AIM OF THE TASK: Set down a true copy of the data, with all pictures left out.

+++ SUPPLIED INFORMATION +++

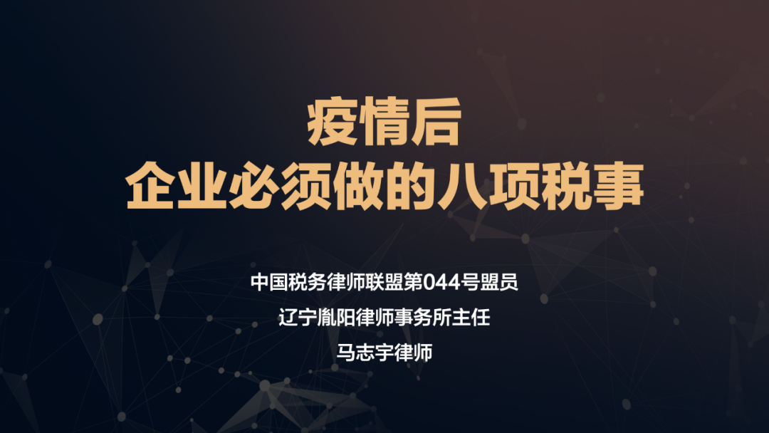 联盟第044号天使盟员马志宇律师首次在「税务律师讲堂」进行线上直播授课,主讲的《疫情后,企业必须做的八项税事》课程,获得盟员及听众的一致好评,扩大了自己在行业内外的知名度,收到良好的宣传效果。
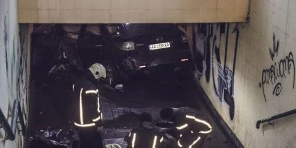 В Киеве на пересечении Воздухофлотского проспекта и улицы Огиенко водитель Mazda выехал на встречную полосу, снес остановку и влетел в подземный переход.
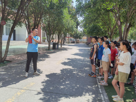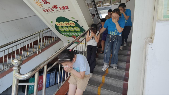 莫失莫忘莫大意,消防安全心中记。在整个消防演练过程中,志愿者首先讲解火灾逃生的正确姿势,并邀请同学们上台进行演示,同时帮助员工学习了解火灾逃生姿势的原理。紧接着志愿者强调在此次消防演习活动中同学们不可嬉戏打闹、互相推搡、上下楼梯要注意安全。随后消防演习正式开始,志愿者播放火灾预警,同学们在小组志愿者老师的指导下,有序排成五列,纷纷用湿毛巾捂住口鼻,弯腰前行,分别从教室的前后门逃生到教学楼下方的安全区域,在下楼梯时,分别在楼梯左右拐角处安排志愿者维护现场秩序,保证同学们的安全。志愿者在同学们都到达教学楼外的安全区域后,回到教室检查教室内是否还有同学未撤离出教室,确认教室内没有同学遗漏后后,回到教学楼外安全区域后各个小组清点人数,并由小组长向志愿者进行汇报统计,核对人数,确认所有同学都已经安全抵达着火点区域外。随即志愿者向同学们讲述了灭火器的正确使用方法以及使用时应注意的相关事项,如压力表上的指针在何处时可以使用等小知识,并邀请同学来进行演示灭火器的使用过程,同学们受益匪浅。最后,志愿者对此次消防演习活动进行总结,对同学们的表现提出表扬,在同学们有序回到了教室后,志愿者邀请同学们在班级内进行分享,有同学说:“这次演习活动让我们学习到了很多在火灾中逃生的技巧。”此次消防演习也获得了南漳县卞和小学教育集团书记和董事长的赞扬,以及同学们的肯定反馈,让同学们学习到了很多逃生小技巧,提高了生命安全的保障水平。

+++

TASK ANSWER:
 联盟第044号天使盟员马志宇律师首次在「税务律师讲堂」进行线上直播授课,主讲的《疫情后,企业必须做的八项税事》课程,获得盟员及听众的一致好评,扩大了自己在行业内外的知名度,收到良好的宣传效果。
 В Киеве на пересечении Воздухофлотского проспекта и улицы Огиенко водитель Mazda выехал на встречную полосу, снес остановку и влетел в подземный переход.
 莫失莫忘莫大意,消防安全心中记。在整个消防演练过程中,志愿者首先讲解火灾逃生的正确姿势,并邀请同学们上台进行演示,同时帮助员工学习了解火灾逃生姿势的原理。紧接着志愿者强调在此次消防演习活动中同学们不可嬉戏打闹、互相推搡、上下楼梯要注意安全。随后消防演习正式开始,志愿者播放火灾预警,同学们在小组志愿者老师的指导下,有序排成五列,纷纷用湿毛巾捂住口鼻,弯腰前行,分别从教室的前后门逃生到教学楼下方的安全区域,在下楼梯时,分别在楼梯左右拐角处安排志愿者维护现场秩序,保证同学们的安全。志愿者在同学们都到达教学楼外的安全区域后,回到教室检查教室内是否还有同学未撤离出教室,确认教室内没有同学遗漏后后,回到教学楼外安全区域后各个小组清点人数,并由小组长向志愿者进行汇报统计,核对人数,确认所有同学都已经安全抵达着火点区域外。随即志愿者向同学们讲述了灭火器的正确使用方法以及使用时应注意的相关事项,如压力表上的指针在何处时可以使用等小知识,并邀请同学来进行演示灭火器的使用过程,同学们受益匪浅。最后,志愿者对此次消防演习活动进行总结,对同学们的表现提出表扬,在同学们有序回到了教室后,志愿者邀请同学们在班级内进行分享,有同学说:“这次演习活动让我们学习到了很多在火灾中逃生的技巧。”此次消防演习也获得了南漳县卞和小学教育集团书记和董事长的赞扬,以及同学们的肯定反馈,让同学们学习到了很多逃生小技巧,提高了生命安全的保障水平。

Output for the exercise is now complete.